Article
Sergey Mikhailenko · Jan 24 8m read

Some aspects of migrating JDBC settings between IRIS instances.

image

Introduction

There are many entities in IRIS which are extremely difficult to transfer to another system.They usually contain important system-stored objects: users, roles, privileges, mappings, and applications. The exception to this list is for resources, which are facilitated by the ability to select and save them from the management portal interface [System > Security Management > Resources]. Yet, things are not as good with other system objects. I even got an idea for this topic

I devoted this article to the explanation of how to transfer gateway connection settings [System > Configuration > SQL Gateway Connections].
JDBC (Java DataBase Connectivity) is a Java database connection designed for a Java application to interact with relational databases. All interactions in JDBC are based on drivers that are identified by a specially described URL.
The settings consist of elements of the stored class %Library.SQLConnection, and the JDBC drivers themselves. The latter can be found on resource.

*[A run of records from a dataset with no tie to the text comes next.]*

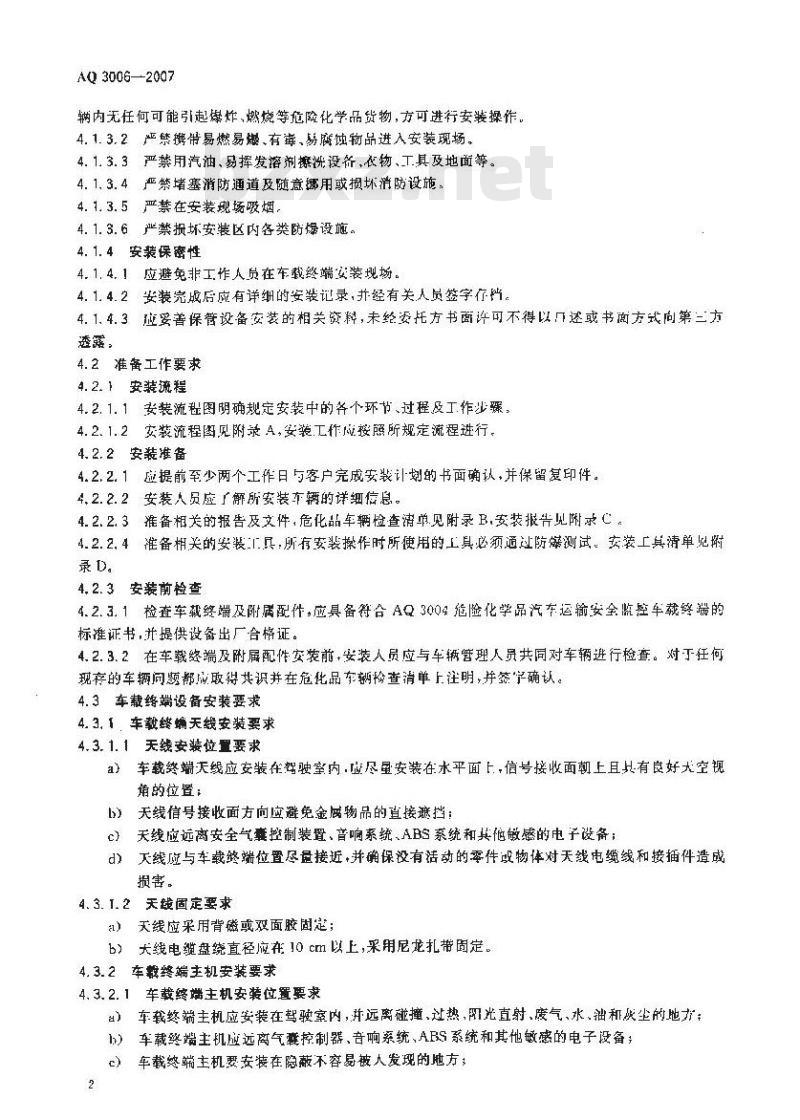 - AQ 3006-2007 危险化学品汽车运输 安全监控车载终端安装规范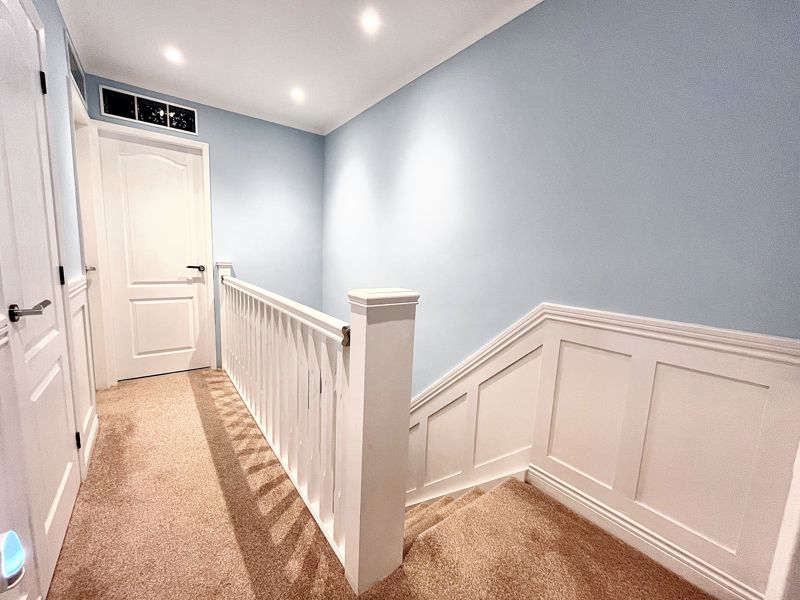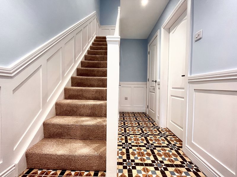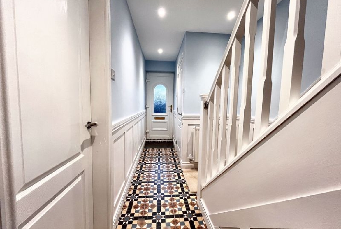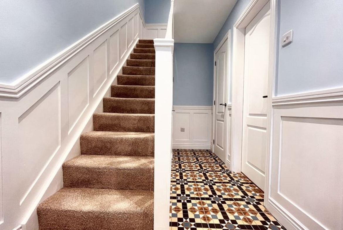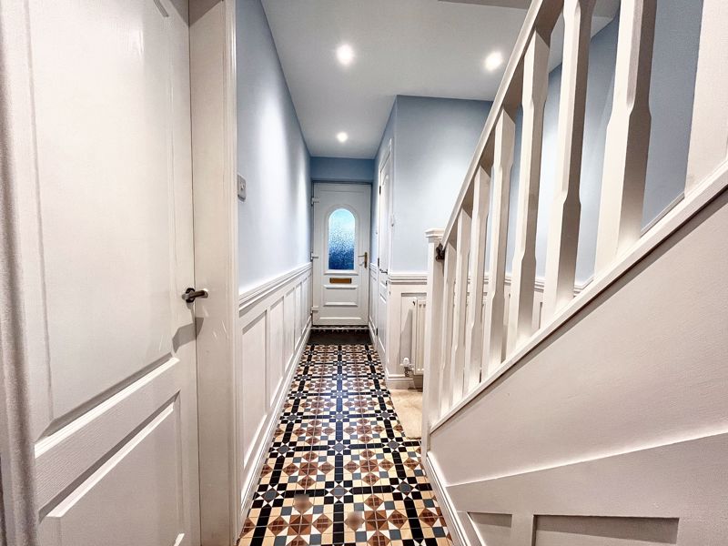 UPVC double-glazed entrance door | Decorative tiled floor | Half wall panelling | Radiator | Under-stairs cupboard | Storage cupboard | Ceiling downlights | Staircase to first floor
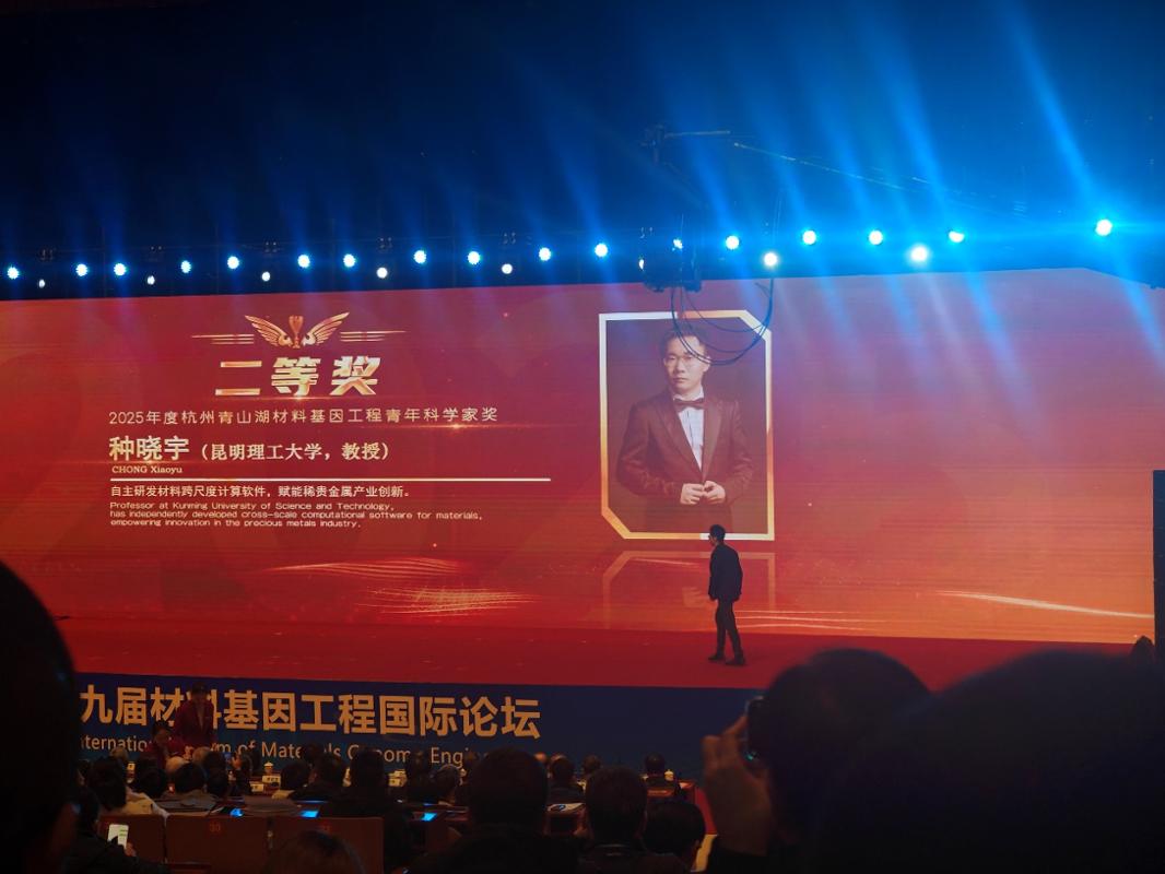 11月20日,第九届材料基因工程国际论坛在陕西宾馆正式开幕。开幕式上隆重颁发了“杭州青山湖材料基因工程青年科学家奖”。本届评选全国仅有12名青年科技工作者入选,我校材料学院种晓宇教授荣列其中,获此殊荣。颁奖环节由中国材料研究学会理事长魏炳波院士,以及大会学术委员会主席张统一院士、李贺军院士、孙军院士共同为获奖者颁发证书与奖杯。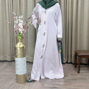 Royal Sheen Peach Abaya | Front Open Striped Silk Abaya with Fancy Button & Sheesha Silk Sleeve Detailing | Elegant Fancy Abaya for Festive Wear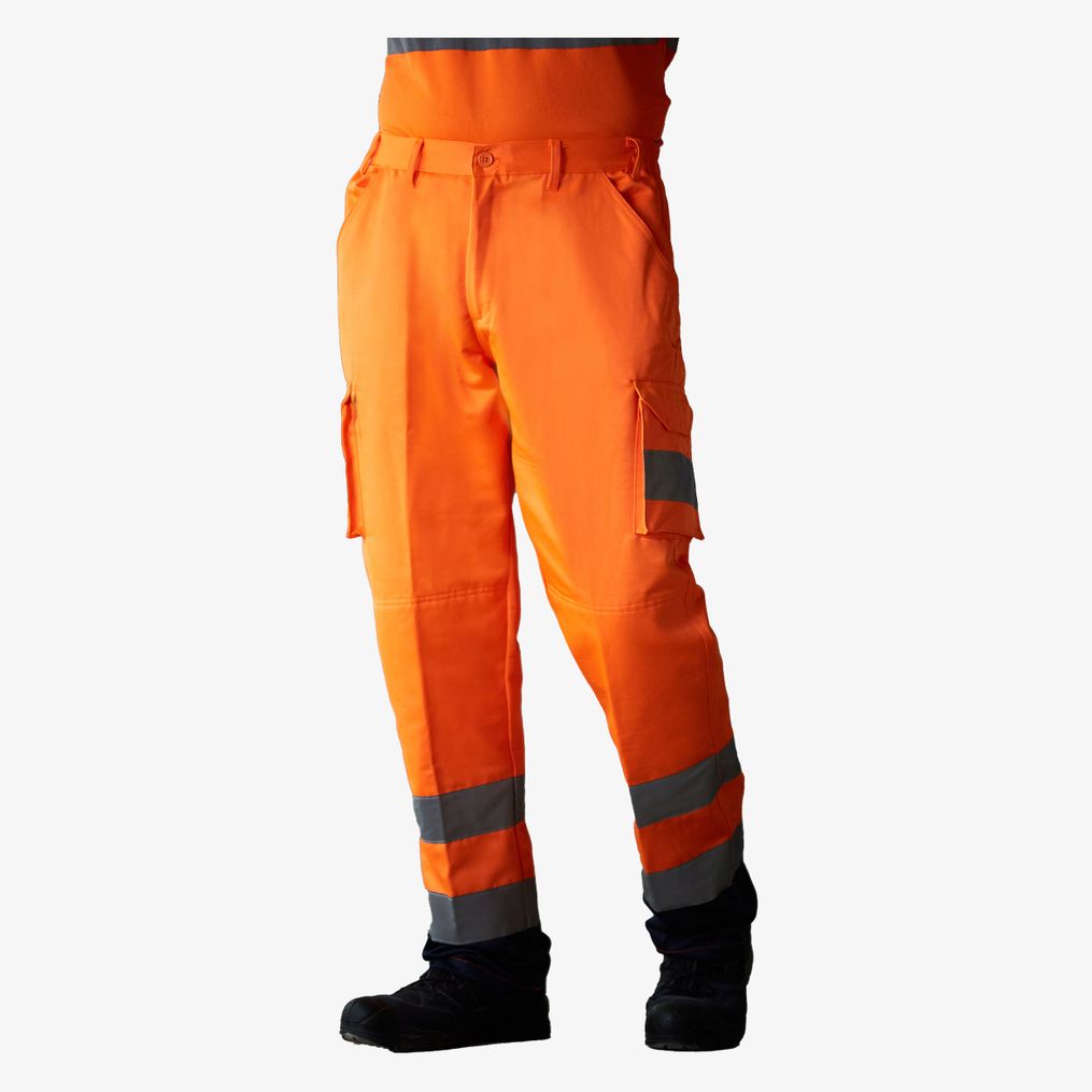 Le pantalon cargo est conçu en polyester sergé avec 80 % polyester et 20 % coton. Il dispose d'une ceinture élastique latérale avec 7 passants ceinture et d'une fermeture zippée. Ce vêtement comprend 2 poches latérales, 2 poches cargo, une poche arrière avec bande auto-agrippante ainsi que des poches internes pour genouillères. Deux bandes réfléchissantes entourent les jambes.

And for different DBMSs, the settings properties will differ too:
image

The famous hard way

To transfer to a new server, you can reposition a piece of the global ^%SYS("sql","ODBCCONNECTION","DATA").

Use the do $system.OBJ.Export("%SYS(""sql"",""ODBCCONNECTION"",""DATA"").gbl",”/tmp/file.xml”)
command to save the file on a disk and restore it on the new server using the program:

do $system.OBJ.Load(”/tmp/file.xml”)
do ##class(%Library.SQLConnection).%BuildIndices()

After that, reindex and copy the JDBC drivers to the same directories that the source server used.

But what should we do when the IRIS server already has SQL Gateway Connections settings, especially when there are a lot of them, and they are different?

Transferring a piece of the global will overwrite existing entries.
Once I had to copy-paste more than 20 settings from one server to another manually. It was very painful; and I decided to automate this process.

The path with automation

Before starting to create a module for transferring SQL settings, we need to implement a universal module for saving class instances in a JSON file.

In this example, we will export a file with /tmp/gateways.json class instances collected by SQL query with JDBC type to the disk.

write ##class(apptools.core.json).ExportClassInstances("%Library.SQLConnection","select * FROM %Library.sys_SQLConnection where isJDBC = 1","/tmp/gateways.json")

In the second example, we will save all active users on a disk in JSON format.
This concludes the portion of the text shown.